Calling Gone Girl a psychological thriller is an understatement. As revelation after revelation unfolds, it becomes clear that the truth does not exist in the middle of Nick and Amy's points of view; in fact, the truth is far more dark, more twisted, and more creepy than you can imagine. Gone Girl is masterfully plotted from start to finish and the suspense doesn't waver for one page. It's one of those books you will feel the need to discuss immediately after finishing because the ending doesn't just come; it punches you in the gut. --Caley Anderson

Review
“Gone Girl is one of the best ­and most frightening ­portraits of psychopathy I've ever read. Nick and Amy manipulate each other ­with savage, merciless and often darkly witty dexterity. This is a wonderful and terrifying book about how the happy surface normality and the underlying darkness can become too closely interwoven to separate.”
–TANA FRENCH, New York Times bestselling author of Faithful Place and Into the Woods
“The plot has it all. I have no doubt that in a year’s time I’m going to be saying that this is my favorite novel of 2012. Brilliant.”
–KATE ATKINSON, New York Times bestselling author of Started Early, Took My Dog and Case Histories
“Gone Girl builds on the extraordinary achievements of Gillian Flynn's first two books and delivers the reader into the claustrophobic world of a failing marriage. We all know the story, right? Beautiful wife disappears; husband doesn't seem as distraught as he should be under the circumstances. But Flynn takes this sturdy trope of the 24-hour news cycle and turns it inside out, providing a devastating portrait of a marriage and a timely, cautionary tale about an age in which everyone's dreams seem to be imploding.”
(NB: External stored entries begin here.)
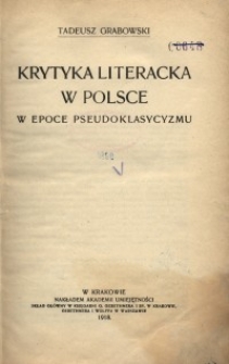 | Grabowski, Tadeusz (1871-1960), 1918, Krytyka literacka w Polsce w epoce pseudoklasycyzmu | Oct 18, 2023 |
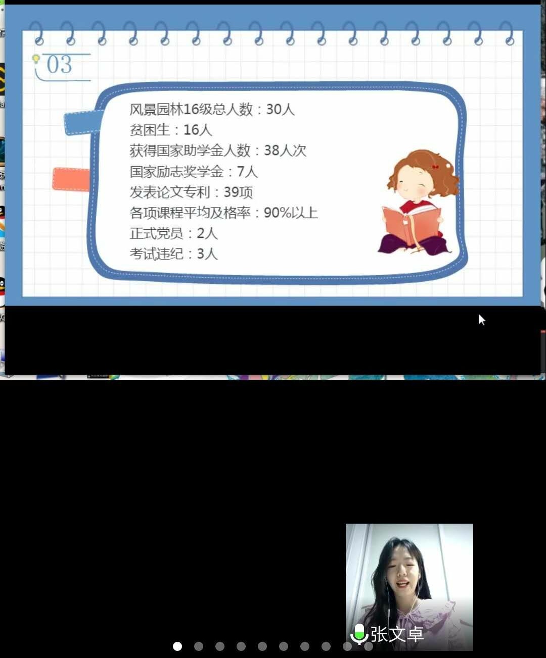 在这个防疫的特殊时期,我们从未停止前进的脚步。3月19日下午17时,通过腾讯会议平台进行的风景园林专业2016、2017级以“疫”样云班会、共筑“心”桥梁为主题的云家长会及云班会准时召开。
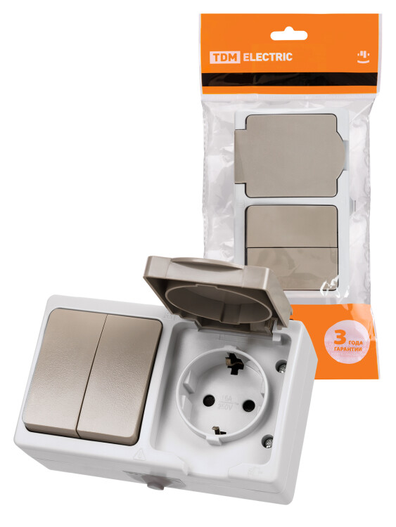 Применение:Бытовые помещения с повышенной влажностью (ванные, санузлы и т.д.).Производственные помещения (мастерские, цеха и т.д.)Наружная установка вне помещений. Материалы:Корпус устройств выполнен из самозатухающего АБС-пластика и обеспечивающего прочность, термостойкость изделий и устойчивость к воздействию солнечных лучей.Контакты розеток выполнены из высокоупругой фосфористой бронзы, обеспечивающей надежный контакт и пожаробезопасность на протяжении всего срока службы изделий.Металлокерамические (AgNi) контакты выключателей, получаемые методом спекания смеси их порошков, позволяют сочетать высокую дугостойкость с хорошей проводимостьюВинты и пружины откидной крышки выполнены из нержавеющей стали.Преимущества:Быстрозажимные клеммы механизма позволяют автоматически регулировать усилие прижима проводника, не позволяя ему просаживаться.Герметичные съемные вводы с двух сторон дают возможность подключения как сверху, так и снизу.Заглубленные пазы для крепления изделия к поверхности обеспечивают класс изоляции II.К каждому изделию в яркой индивидуальной упаковке со стикером, на который нанесена вся необходимая информация о изделии и штрихкод EAN-13, прилагается паспорт с подробной инструкцией по монтажу Назначение:Подключение бытовых нагрузок к сети переменного тока и управление сетями освещения в условиях повышенной влажности и пылезагрязненности. 0:

–LAURA LIPPMAN, New York Times bestselling author of The Most Dangerous Thing and I’d Know You Anywhere
“Gillian Flynn’s Gone Girl is like Scenes from a Marriage remade by Alfred Hitchcock, an elaborate trap that’s always surprising and full of characters who are entirely recognizable. It’s a love story wrapped in a mystery that asks the eternal question of all good relationships gone bad: How did we get from there to here?”
–ADAM ROSS, New York Times bestselling author of Mr. Peanut --This text refers to the Kindle Edition edition.